The data below should be copied out exactly, with its pictures omitted.

Supplied material ->
○ ○ ○ ○ ○
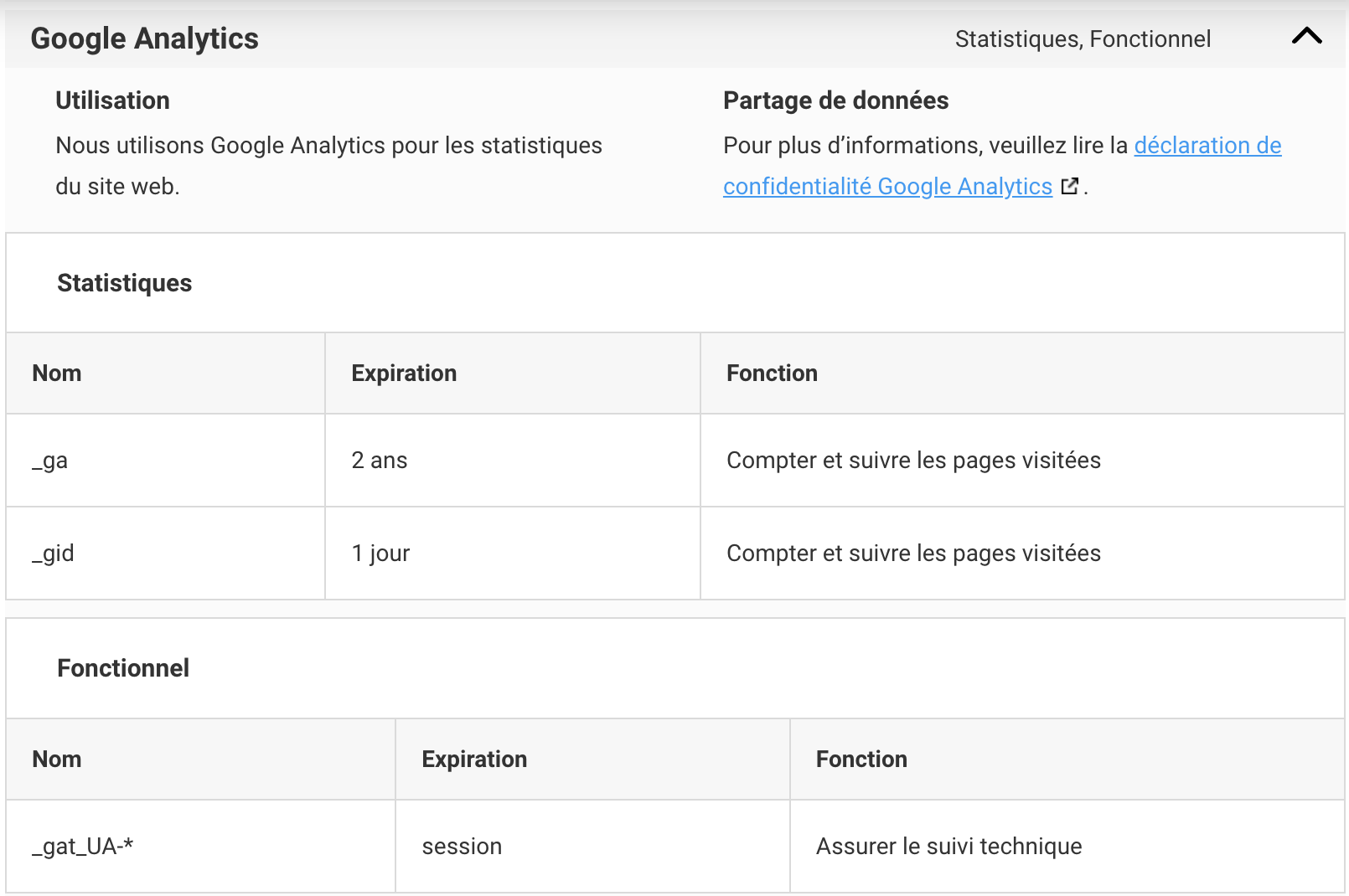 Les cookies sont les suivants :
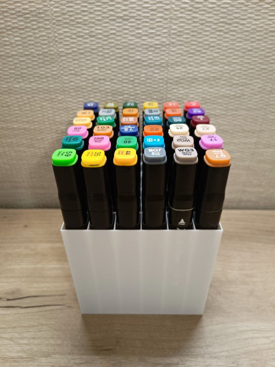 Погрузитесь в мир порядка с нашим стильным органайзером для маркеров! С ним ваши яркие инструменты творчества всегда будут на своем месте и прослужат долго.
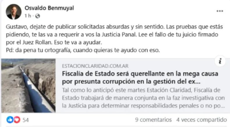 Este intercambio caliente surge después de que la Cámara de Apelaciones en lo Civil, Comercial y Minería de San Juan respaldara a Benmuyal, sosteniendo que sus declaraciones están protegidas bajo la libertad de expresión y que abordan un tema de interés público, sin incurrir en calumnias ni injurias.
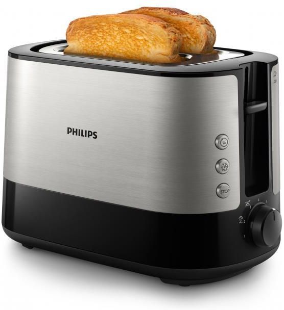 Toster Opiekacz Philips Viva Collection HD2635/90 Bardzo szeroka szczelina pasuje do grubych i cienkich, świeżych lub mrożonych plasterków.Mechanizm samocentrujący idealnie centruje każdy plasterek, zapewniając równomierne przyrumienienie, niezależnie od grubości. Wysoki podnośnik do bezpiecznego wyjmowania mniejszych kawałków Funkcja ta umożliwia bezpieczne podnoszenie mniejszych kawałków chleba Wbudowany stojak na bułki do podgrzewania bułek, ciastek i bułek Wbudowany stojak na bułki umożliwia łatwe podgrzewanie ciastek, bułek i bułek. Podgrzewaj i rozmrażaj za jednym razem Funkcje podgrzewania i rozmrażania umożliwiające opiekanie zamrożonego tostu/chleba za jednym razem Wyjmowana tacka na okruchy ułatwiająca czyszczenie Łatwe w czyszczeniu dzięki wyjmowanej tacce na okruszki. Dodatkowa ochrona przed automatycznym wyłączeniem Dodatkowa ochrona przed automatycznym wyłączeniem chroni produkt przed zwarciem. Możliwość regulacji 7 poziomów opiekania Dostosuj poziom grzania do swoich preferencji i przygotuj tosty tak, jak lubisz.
○ ○ ○ ○ ○
Solved exercise ->
 Les cookies sont les suivants :
 Погрузитесь в мир порядка с нашим стильным органайзером для маркеров! С ним ваши яркие инструменты творчества всегда будут на своем месте и прослужат долго.
 Este intercambio caliente surge después de que la Cámara de Apelaciones en lo Civil, Comercial y Minería de San Juan respaldara a Benmuyal, sosteniendo que sus declaraciones están protegidas bajo la libertad de expresión y que abordan un tema de interés público, sin incurrir en calumnias ni injurias.
 Toster Opiekacz Philips Viva Collection HD2635/90 Bardzo szeroka szczelina pasuje do grubych i cienkich, świeżych lub mrożonych plasterków.Mechanizm samocentrujący idealnie centruje każdy plasterek, zapewniając równomierne przyrumienienie, niezależnie od grubości. Wysoki podnośnik do bezpiecznego wyjmowania mniejszych kawałków Funkcja ta umożliwia bezpieczne podnoszenie mniejszych kawałków chleba Wbudowany stojak na bułki do podgrzewania bułek, ciastek i bułek Wbudowany stojak na bułki umożliwia łatwe podgrzewanie ciastek, bułek i bułek. Podgrzewaj i rozmrażaj za jednym razem Funkcje podgrzewania i rozmrażania umożliwiające opiekanie zamrożonego tostu/chleba za jednym razem Wyjmowana tacka na okruchy ułatwiająca czyszczenie Łatwe w czyszczeniu dzięki wyjmowanej tacce na okruszki. Dodatkowa ochrona przed automatycznym wyłączeniem Dodatkowa ochrona przed automatycznym wyłączeniem chroni produkt przed zwarciem. Możliwość regulacji 7 poziomów opiekania Dostosuj poziom grzania do swoich preferencji i przygotuj tosty tak, jak lubisz.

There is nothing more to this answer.